Peirce produced a triadic model of the sign whose terms are: the representamen or the form of the sign, the interpretant or the sense made of a sign (not to be confused with the interpreter) and the object to which the sign refers. The representamen can be related to the signifier and the interpretant to the signified. So, the new term present in Peirce's model with no equivalent in Saussure's model is the object. However, it can be argued that a referent was implicitly present in Saussure's model. What really differentiates the two models is that the interpretant can be considered as a sign in the mind of the interpreter. It implies that the interpretation is a process, Peirce has named this process the semiosis. It seems clear from the above definitions that the semiosis is theoretically unlimited (the notion of "unlimited semiosis" was first introduced by Umberto Eco). For Saussure the interpretation was the highlighting of the complex relations a sign maintained with other signs within a linguistic structure ; while for Peirce the interpretation is the always to be done process of connecting signs.

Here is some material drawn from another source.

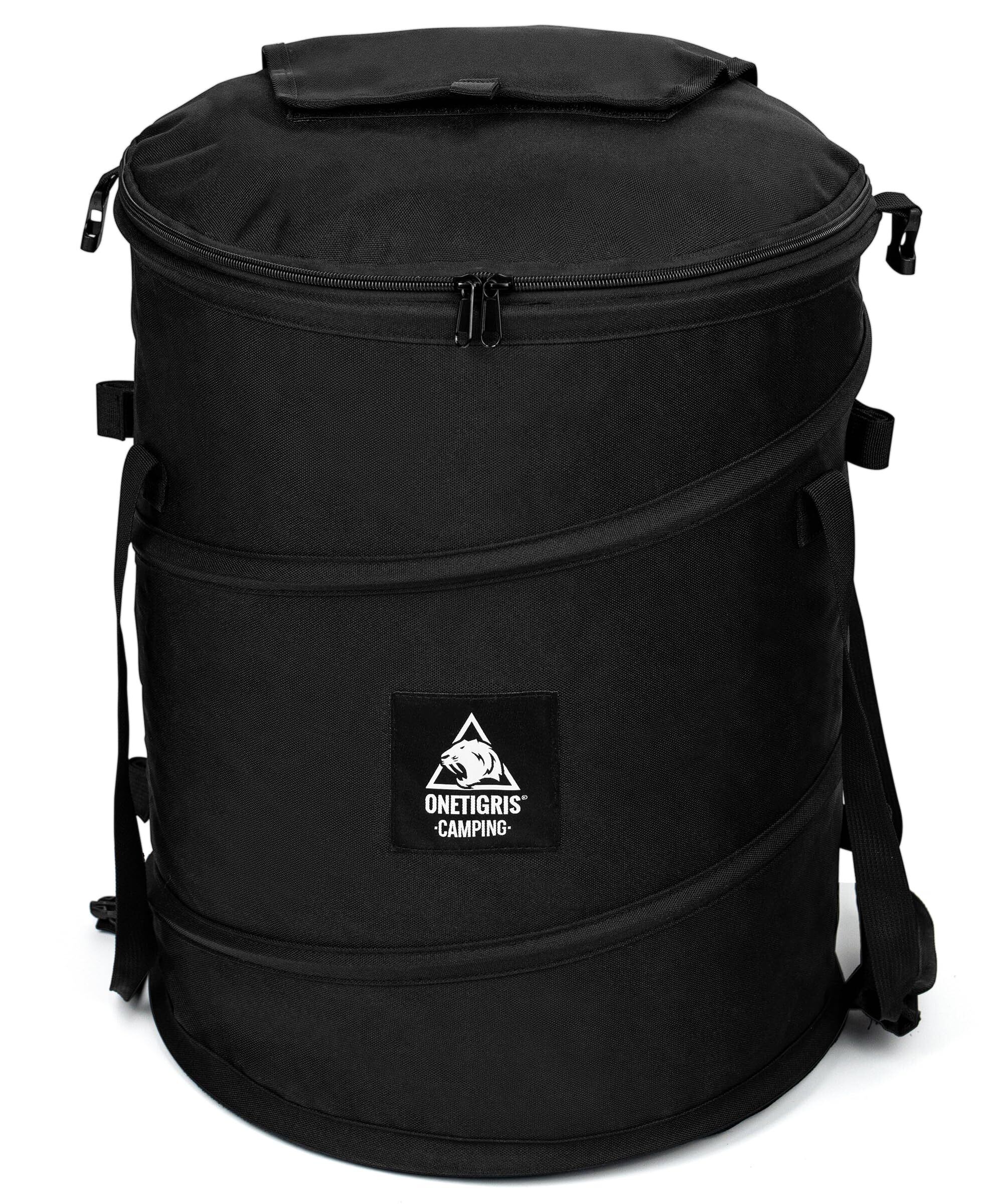 OneTigris キャンプゴミ箱 45L アウトドアギアボックス 自立型 ソフト ポップアップ 折りたたみ式 蓋付き ゴミ分別可能 防水ボトム 撥水 ペグ打つ可能 風に強い 多機能 ブラック

Modern interpretations of Peirce's model, with its concept of semiosis, tend to erase the notion of "signified" since the interpretant can always become a new sign. We found a quite interesting example in Gregory Bateson work [Bateson1979] (it should be noted that we modify it quite slightly). We consider a mathematical property: "The sum of the first n odd numbers is equal to n squared". Figure 7 shows three representations of this property. Is the content the same, and only the form varying? It seems more satisfying not to speak in terms of signifier/signified, form/content, etc. but to consider different configurations of signifiers leading to different interpretations. Incidentally, this last example can lead to the understanding of difficult concepts: the difference between cardinal and ordinal numbers.

Figure 7

png image ../../../vol5/graphics/Portier01/Portier01-007.png

Three representations of a mathematical property

In computer science, when references are made to Peirce, it is most of the time in a logical framework where first order logic is used as a uniform way to represent assertions in order to compute new assertions. The best example of this trend being the work of John F. Sowa [Sowa2000]. In fact, the conceptual graphs were derived from the work of Peirce. However, we rarely find work inspired by the notion of semiosis. That is what we try to do by offering to the user signifiers to interpret and by taking into account results from its interpretations. The next sections will illustrate this approach.

A model for the construction of multi-structured documents

Definitions

We first give some definitions:

  • A resource is anything uniquely identified by an URI. Fragments, intervals, zones, terms, classes, binary relations, vocabularies and documents are resources.

  • A fragment is a part of document content. Our documents are textual documents and manuscripts images. In the case of textual documents a fragment is the pair (D, (inf, sup)) where D is a document identifier, and (inf, sup) is an integer interval addressing a part of the document. In the case of images a fragment is the pair (I, ((x1, y1), (x2, y2)) where I is an image identifier and ((x1, y1), (x2, y2)) are the coordinates of a rectangular zone of the image.

  • A term is a string of characters.

  • A class is a set of terms.

  • A binary relation R(x, y) links together two resources

  • A vocabulary is a set of binary relations

  • A multi-structured document is a document with fragments participating in relations that belong to multiple vocabularies.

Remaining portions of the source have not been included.